Affiliation:
1. University of Kansas Medical Center, Department of Pathology and Laboratory Medicine, Center for Viral Oncology, KU Cancer Center, Kansas City
Abstract
Human T-cell leukemia virus type I (HTLV-I)–associated malignancies are seen in a small percentage of infected persons. Although in vitro immortalization by HTLV-I virus is very efficient, we report that Tax has poor oncogenic activity in human primary T cells and that immortalization by Tax is rare. Sustained telomerase activity represents one of the oncogenic steps required for Tax-mediated immortalization. Tax expression was required for the growth of primary T cells, but was not sufficient to propel T cells into cell cycle in the absence of exogenous interleukin-2 (IL-2). Tax was sufficient to activate the phosphoinositide-3 kinase (PI3K)/Akt pathway as shown by down regulation of Src homology phosphatase-1 and increased phosphorylation of Akt.
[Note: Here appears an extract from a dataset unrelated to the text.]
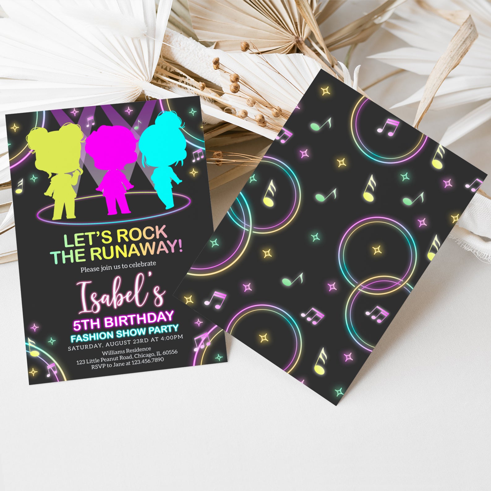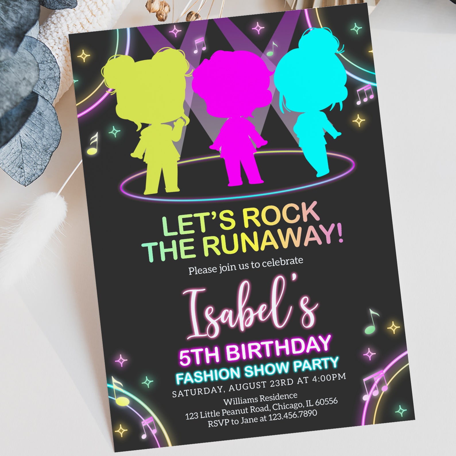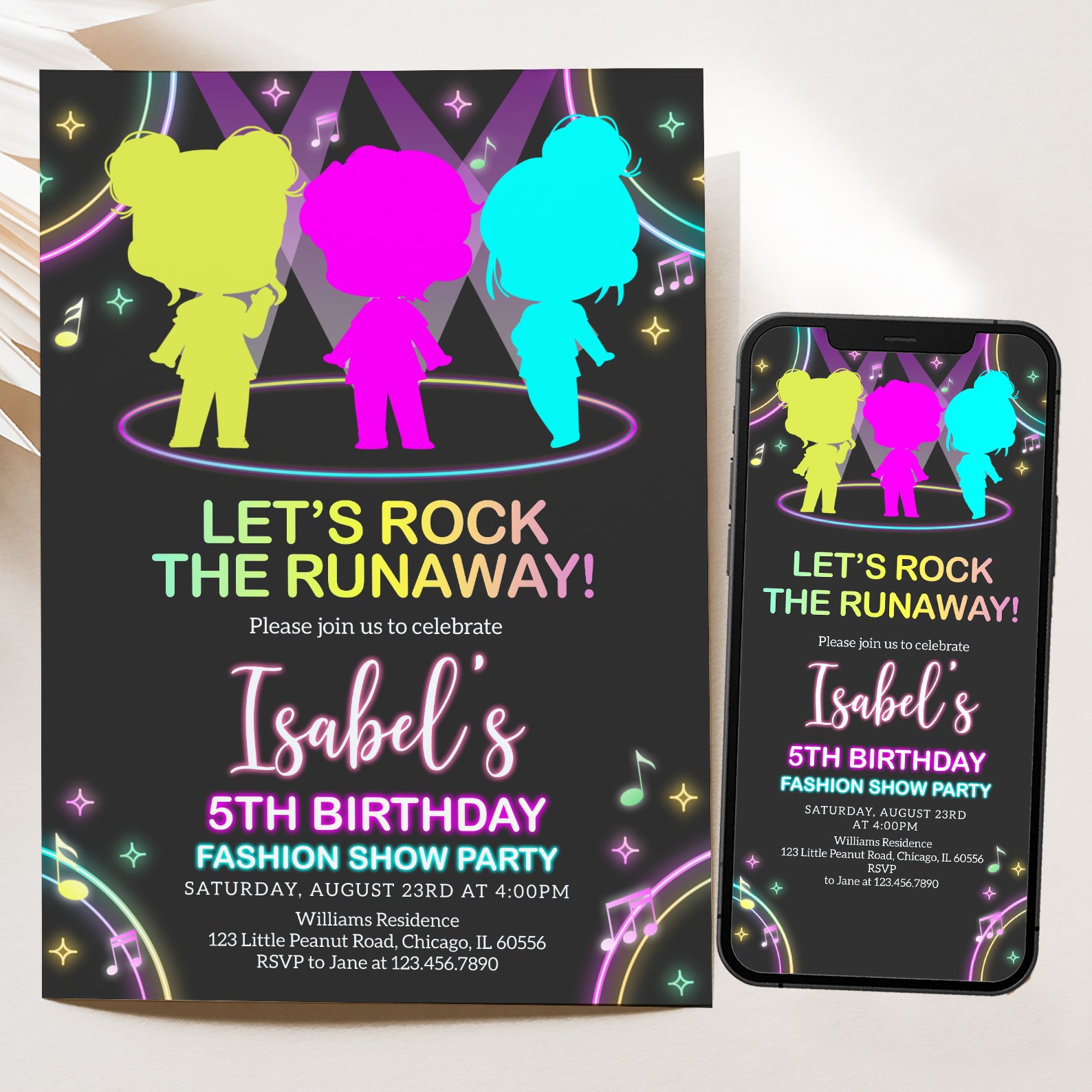 Get ready to strut your stuff with our fabulous "Let's Rock the Runway" digital birthday invitation, perfect for your little fashionista's fifth birthday party! Set against a striking black background, this vibrant design features three stylish girls modeling under dazzling spotlights, surrounded by playful neon lights and musical notes that capture the excitement of a fashion show. With eye-catching neon musical notes and stars adorning the bottom, this invitation sets the stage for a celebration filled with fun, flair, and unforgettable memories. Make your child's special day a runway hit with this stunning invitation!

We also found disruption of putative tumor suppressors IL-16 and translocated promoter region (TPR) in Tax-immortalized and HTLV-I–transformed cell lines. Our results confirmed previous observations that Tax activates the anaphase-promoting complex. However, Tax did not affect the mitotic spindle checkpoint, which was also functional in HTLV-I–transformed cells. These data provide a better understanding of Tax functions in human T cells, and highlight the limitations of Tax, suggesting that other viral proteins are key to T-cell transformation and development of adult T-cell leukemia.
Publisher
American Society of Hematology
Subject
Cell Biology,Hematology,Immunology,Biochemistry
Cited by
53 articles.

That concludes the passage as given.